Task to carry out> Pull out of the data below the stretch of lines bounded by the one containing "After finishing a" and the one containing "Cups Sverigevinnare 07/08", both bounds included, unchanged.

^^^^^^^^

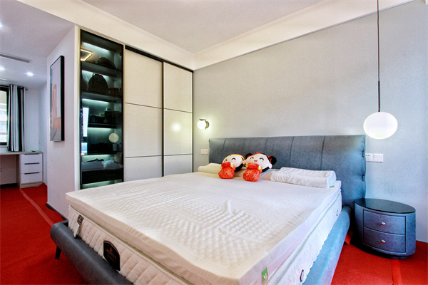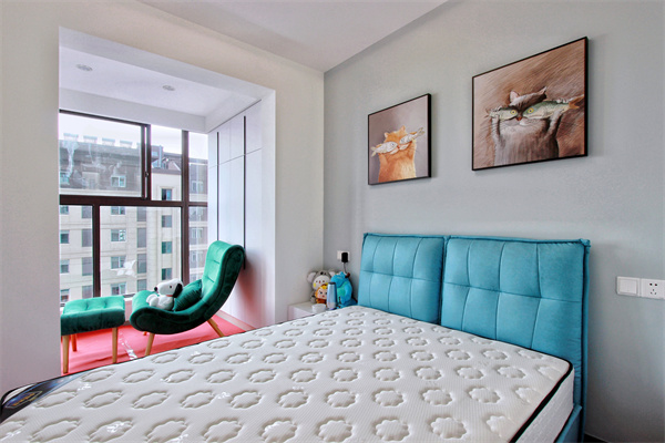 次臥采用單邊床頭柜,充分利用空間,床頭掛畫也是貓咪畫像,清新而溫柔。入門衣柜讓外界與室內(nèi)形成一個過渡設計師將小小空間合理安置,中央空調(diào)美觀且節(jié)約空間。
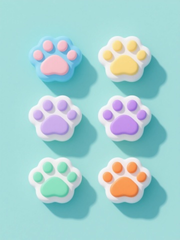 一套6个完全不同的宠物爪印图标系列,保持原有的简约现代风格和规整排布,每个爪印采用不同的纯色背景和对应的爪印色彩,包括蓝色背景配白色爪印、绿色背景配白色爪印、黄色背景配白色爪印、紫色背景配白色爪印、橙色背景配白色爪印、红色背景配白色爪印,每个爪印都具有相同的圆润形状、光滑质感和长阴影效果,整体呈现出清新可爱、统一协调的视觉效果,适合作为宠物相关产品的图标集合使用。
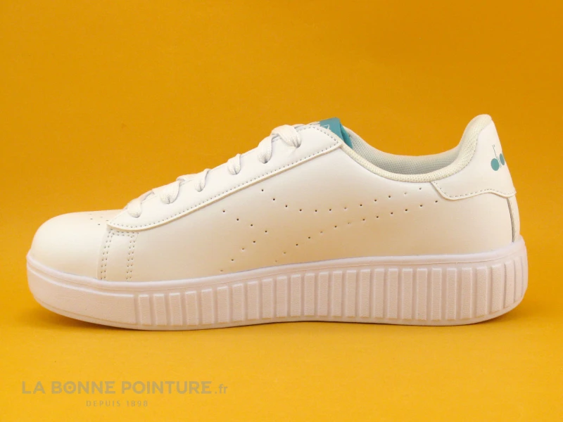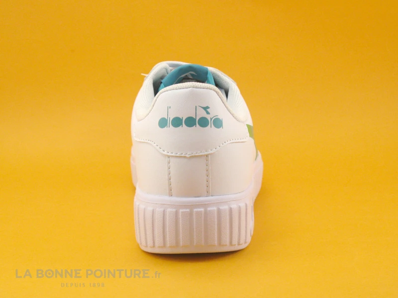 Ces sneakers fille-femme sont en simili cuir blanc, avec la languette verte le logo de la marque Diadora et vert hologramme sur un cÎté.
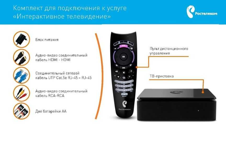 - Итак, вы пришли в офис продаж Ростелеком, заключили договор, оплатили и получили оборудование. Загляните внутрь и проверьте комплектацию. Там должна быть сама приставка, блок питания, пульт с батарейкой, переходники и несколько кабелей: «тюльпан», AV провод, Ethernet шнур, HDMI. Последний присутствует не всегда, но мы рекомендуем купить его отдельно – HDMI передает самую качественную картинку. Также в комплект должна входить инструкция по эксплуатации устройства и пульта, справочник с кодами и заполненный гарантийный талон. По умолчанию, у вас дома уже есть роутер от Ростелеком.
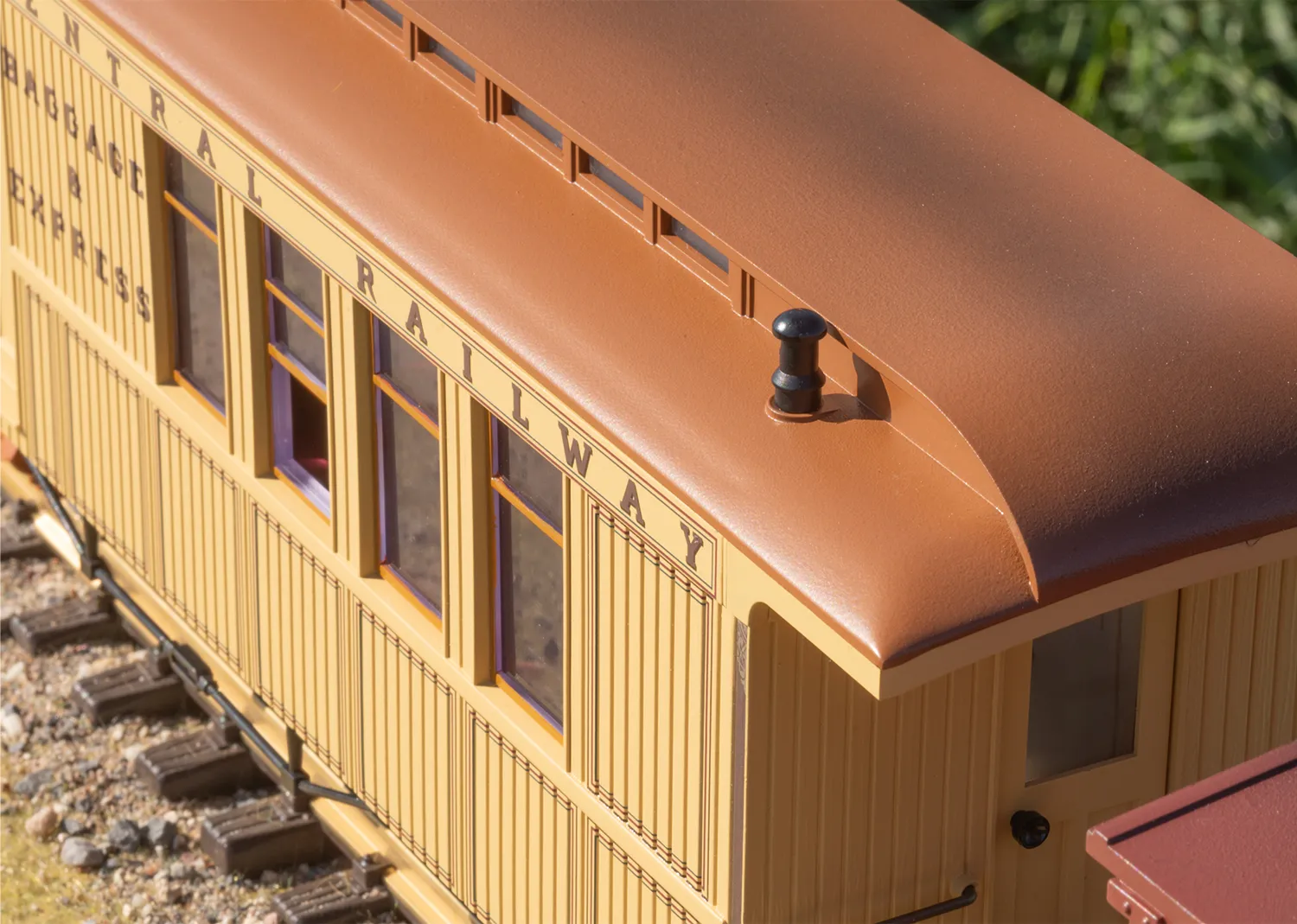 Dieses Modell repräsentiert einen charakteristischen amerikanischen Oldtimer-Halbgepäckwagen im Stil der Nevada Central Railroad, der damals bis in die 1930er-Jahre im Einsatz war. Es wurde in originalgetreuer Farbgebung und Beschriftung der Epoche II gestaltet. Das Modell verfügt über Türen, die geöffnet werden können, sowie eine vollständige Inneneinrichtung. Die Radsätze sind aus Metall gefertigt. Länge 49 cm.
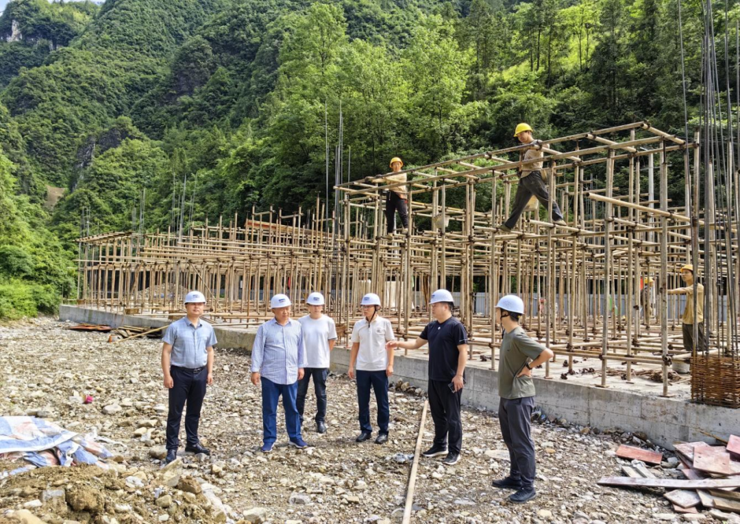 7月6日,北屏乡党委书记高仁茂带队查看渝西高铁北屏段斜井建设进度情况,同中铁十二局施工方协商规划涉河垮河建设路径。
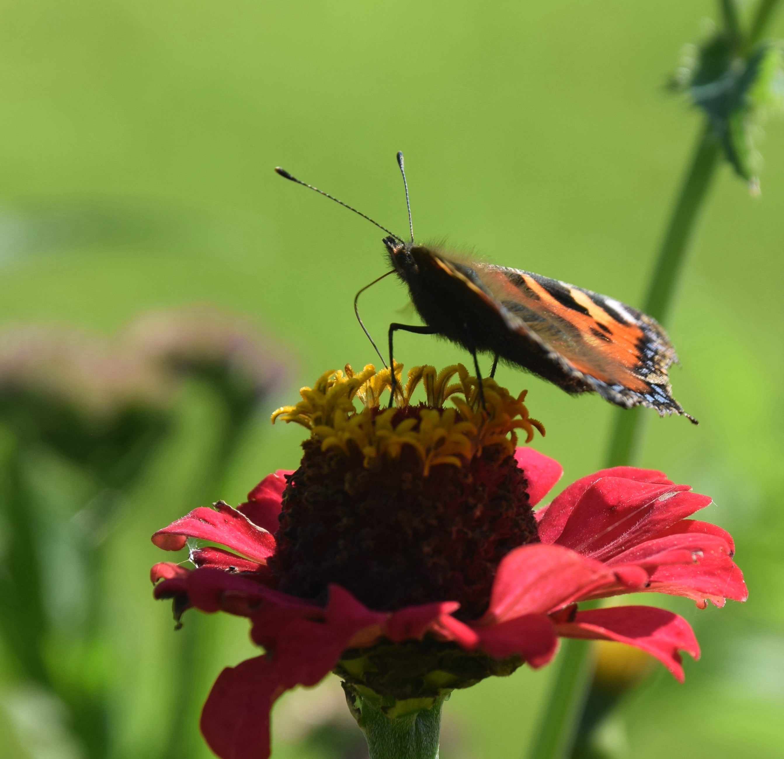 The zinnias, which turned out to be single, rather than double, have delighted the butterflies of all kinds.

^^^^^^^^

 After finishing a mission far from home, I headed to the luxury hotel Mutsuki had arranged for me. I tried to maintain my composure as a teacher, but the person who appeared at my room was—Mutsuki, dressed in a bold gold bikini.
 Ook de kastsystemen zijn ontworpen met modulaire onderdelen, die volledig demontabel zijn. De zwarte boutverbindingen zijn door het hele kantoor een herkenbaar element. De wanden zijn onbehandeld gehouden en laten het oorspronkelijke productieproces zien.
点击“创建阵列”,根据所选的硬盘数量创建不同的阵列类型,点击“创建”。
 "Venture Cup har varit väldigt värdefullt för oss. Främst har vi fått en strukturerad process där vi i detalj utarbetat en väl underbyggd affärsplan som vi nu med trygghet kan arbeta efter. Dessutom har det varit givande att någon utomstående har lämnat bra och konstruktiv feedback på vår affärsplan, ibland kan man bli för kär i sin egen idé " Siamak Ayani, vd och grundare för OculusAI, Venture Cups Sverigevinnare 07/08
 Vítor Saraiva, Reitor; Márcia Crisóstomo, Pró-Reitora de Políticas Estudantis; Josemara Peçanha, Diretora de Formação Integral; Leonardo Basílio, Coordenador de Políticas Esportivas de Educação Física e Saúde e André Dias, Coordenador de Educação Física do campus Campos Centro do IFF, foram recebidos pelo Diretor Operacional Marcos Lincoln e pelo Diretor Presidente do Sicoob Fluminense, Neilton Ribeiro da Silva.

^^^^^^^^

Solution to this exercise>
 After finishing a mission far from home, I headed to the luxury hotel Mutsuki had arranged for me. I tried to maintain my composure as a teacher, but the person who appeared at my room was—Mutsuki, dressed in a bold gold bikini.
 Ook de kastsystemen zijn ontworpen met modulaire onderdelen, die volledig demontabel zijn. De zwarte boutverbindingen zijn door het hele kantoor een herkenbaar element. De wanden zijn onbehandeld gehouden en laten het oorspronkelijke productieproces zien.
点击“创建阵列”,根据所选的硬盘数量创建不同的阵列类型,点击“创建”。
 "Venture Cup har varit väldigt värdefullt för oss. Främst har vi fått en strukturerad process där vi i detalj utarbetat en väl underbyggd affärsplan som vi nu med trygghet kan arbeta efter. Dessutom har det varit givande att någon utomstående har lämnat bra och konstruktiv feedback på vår affärsplan, ibland kan man bli för kär i sin egen idé " Siamak Ayani, vd och grundare för OculusAI, Venture Cups Sverigevinnare 07/08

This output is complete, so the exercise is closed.